Telefona sarıldım, annemi arayıp ağzıma geleni
söyleyecektim. Ama karım, “Kurbanın olurum, şimdi benden bilir,
daha çok üstüme gelir. Zaten bu ilk değil annenin söylediği. Daha
önce de kaç kere söyledi böyle. Ama şimdi kızlarımdan 'Piç' diye
bahsedince dayanamadım, benim kızlarım piç değil!” dedi.
Karım hüngür hüngür ağlıyordu. O sinirle iki sigara içtim üst
üste. Buraya karımla tatil yapmaya gelmiştim, ama annem bütün
neşemin içine etmişti. Benim mutluluğumu bozmaya
çalışıyordu.
Daha sonra karım benim kanımı donduran şeyler söylemeye
başladı: “Aslında Elif’i de kocasından zorla boşatan
senin annen. Kocasına boşanması için epey para ödemiş
teyzen. Zaten teyzeni de bu işe bulaştıran gene annen. Adamı
karısından zorla boşatıyorlar, çocuklarından
ayırıyorlar. Elif’in seni sevdiği doğru, ama sana böyle bir
oyun oynadılar. Annen telefonda konuşurken duydum ben. Yoksa senin
Elif’le de, Refiye’yle de evlenmene benim gönlüm razı değil. Annen
kabul etmem için bana çok baskı yaptı. Birkaç defa dövdü beni. Ama
ben bunların hiçbirini söylemedim sana. Ama benim kızlarıma piç
deyince işler değişti. Artık hepsini anlatacağım!”
dedi.
Duydukça öfkem kabarıyordu. Karım beni hayretler içinde bırakan
şeyler söylemeye başladı: “Annen töre gereği benimle
evlenmene ses etmedi, babandan çok korkuyordu çünkü. Baban beni seviyor, bu da
annenin bana olan hıncını daha da artırıyor. Eve gelin
geldiğim ilk günden beri bana baskı yapmaya başladı. Sen
işyerinde olduğundan hiçbirinden haberin olmuyordu, ben de senin
üzülmeni istemediğim için ses çıkarmadım. Sonradan ben hepsini
düşününce çıktı ortaya. Annen tatilden gelince bizi o
düğüne zorla gönderdi biliyorsun. Sen o düğün sayesinde Refiye’yle
tanıştın. Annen Refiye’yi de, aynı Elif gibi
ayarlamış. Refiye’nin bize gelip gitmeleri, onun çalışmak
istemesi, senin onu işe koyman falan hepsi palavra. Kadın zaten dünya
kadar zengin. Maksat seni benim elimden almak. Annen ta başından beri
beni hiç sevmedi. Sana Refiye’yi, Elif’i ayarladı. Refiye de, Elif de seni
çok seviyor, bundan kuşkum yok, ama bunların hepsi senaryoymuş
meğerse. Annenin gözü Refiye’nin ve Elif’in babasının
parasında. İkisi de çok zengin. Onlarla evlenirsen, onların
parası sana geçecek. Onlar da kendilerine adam gibi bir koca bulmuş
olacak. Ben seni çok seviyorum, seni kaybetmek istemiyorum. Bunun için hemen
hamile kalmak istiyorum. Hem sonra şey de var, bunlardan ayrı...

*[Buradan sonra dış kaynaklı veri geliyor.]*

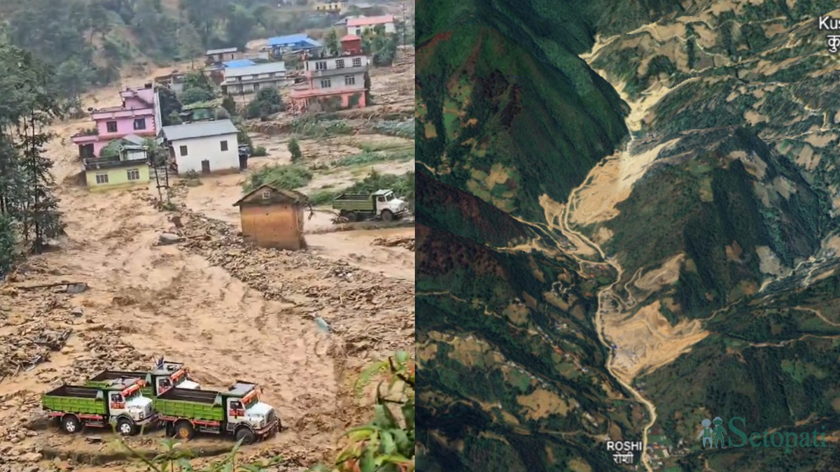 ‘कसरी यस्तो विध्वंश निम्तियो, म बताउन सक्दिन,’ उनले भने, ‘एउटा घर तल बगिसक्यो। त्यहाँको कागजपत्र निकाल्न पाइएन। अर्को घर पनि तलबाट काट्न सुरू भइसकेको छ। कतै सुरक्षित भएन।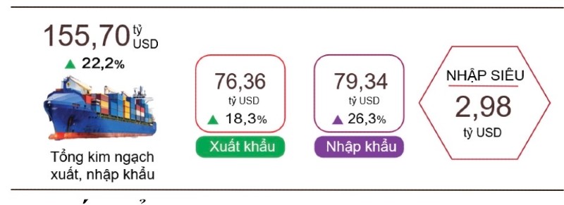 Nhập siêu quay trở lại với nền kinh tế, đạt gần 3 tỷ USD trong 2 tháng đầu năm -

Kızım Özge seni seviyor. Bunu söylemek bir anne olarak çok zor, ama
senin onunla ilişkin olduğunu biliyorum. Daha ilk günden sana göz
koydu. Sen de onun gençliğine, güzelliğine kandın. Ama ben sana
suç bulmuyorum. Dişi köpek kuyruk sallamazsa erkek köpek birşey
yapmazmış. Benim kızım ahlaksız çıktı. Bir
ana olarak yüreğim yanıyor, ama sana olan sevgim hepsinden fazla!”
dedi.
Bütün bunlar sonucu şok içindeydim. Karım içindeki kurtları
döküyordu. Özge meselesinde çok fazla durmadığını gördüm. Bana,
“Senden tek bir isteğim var. Kızımın bakireliğini
bozma. Biliyorum, o sana kızlığını vermek istiyor, ama
sen bunu yapma. Onu götünden siktiğini biliyorum. Sonuçta öyle yada böyle
evlenecek. Evlendiği adamın onun kızlığını
bozmasıdır doğru olan. Yoksa bütün dünyaya rezil oluruz!” dedi.
Karım beni şaşırtıyordu. Devam etti, “Senin beni
aldatmana ses etmedim ben. Bir de ben bunları senin başına
kakarsam, beni boşarsın diye çok korktum!” dedi.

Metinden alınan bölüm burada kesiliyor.